В этот день Полбин с утра совершил три вылета, каждый раз во главе девятки "Петляковых". Четвертый вылет намечался на "после обеда": летчики ели рисовый суп из котелков, принесенных техниками прямо на стоянки. Суп не остывал, так как котелки заблаговременно выставлялись на солнце.
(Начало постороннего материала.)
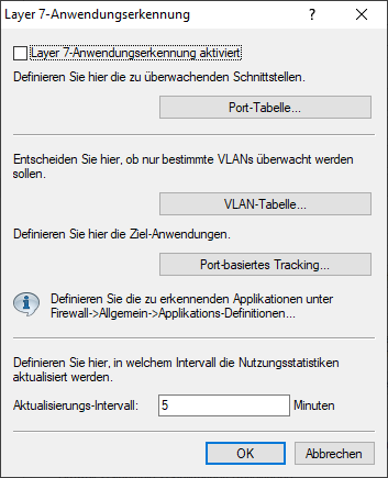 - Legen Sie hier fest, welche Verbindungen mit der Layer-7-Anwendungserkennung überwacht werden sollen. Aktivieren oder

Из последнего вылета вернулись все, только самолет Пресняка с перебитым элероном сел где-то впереди, на аэродром истребителей. Файзуллин мрачно ходил по выгоревшей, бурой от масляных пятен траве, пинал ногой пустые клетки из-под бомб и поглядывал на три стоявших рядышком алюминиевых котелка с горячим супом. Палящее солнце отражалось на их крышках.
Файзуллину некуда было скрыться от солнца. Другие, как только прилетели самолеты, накрыли их пыльными маскировочными сетями и спрятались в тень от крыльев. А куда деваться технику, машина которого не вернулась?
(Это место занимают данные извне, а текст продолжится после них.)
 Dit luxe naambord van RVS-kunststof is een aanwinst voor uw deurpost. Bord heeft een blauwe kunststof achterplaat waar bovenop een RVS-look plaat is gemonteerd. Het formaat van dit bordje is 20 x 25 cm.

Файзуллин вспоминал аэродромы, на которых полк побывал во время боев за Москву. Там всегда рядом был лес со спасительной тенью. Пока машина на задании, можешь побродить в зарослях, набрать горсть земляники, утолить жажду. А здесь? Ровная, полыхающая июльским зноем степь. Аэродром — кусок этой степи, ничем от нее не отгороженный. Все очень напоминало Монголию, только не было палаток и юрт. Летчики и техники жили в щелях, вырытых в твердой суглинистой земле. Щели прикрывались от дождя травой и соломой, накиданной на жерди. Постели тоже из соломы, застеленной зелеными плащ-палатками. Когда самолеты уходили на задание, а заправочные автомашины прятались в балочке за дорогой, на аэродроме негде было задержаться степному ветру. Он только шевелил придавленную комьями глины солому над щелями-землянками да раскачивал на покинутых стоянках круглые клетки из-под бомб.
Да, все напоминало Монголию, но в десяти километрах на восток лежал Сталинград. Он растянулся вдоль Волги, и для того, чтобы на машине проехать с северной его окраины на южную, понадобилось бы побольше часа. Файзуллину пришлось однажды побывать в этом городе — Воронин посылал за расходными материалами для самолетов. В кузове грузовика Файзуллин проехал от памятника летчику Хользунову, что стоял на крутом обрыве над Волгой, до Ельшанки с ее деревянными домиками. Машина все время катилась по прямой асфальтированной улице, а слева то открывалась, то исчезала широкая Волга. На том берегу желто отсвечивали под солнцем песчаные косы. Файзуллина окликнули:
— Где Полбин? Передай: командир группы вызывает!
Неподалеку стоял стройный, тоненький лейтенант, адъютант командира авиационной группы полковника Васильева.
Файзуллин покосился на котелки. Пресняк, Чекин и Шабалов могут прилететь только к вечеру, суп все равно остынет. Техник накрыл котелки брезентовым чехлом и побежал вдоль стоянок к самолету Полбина.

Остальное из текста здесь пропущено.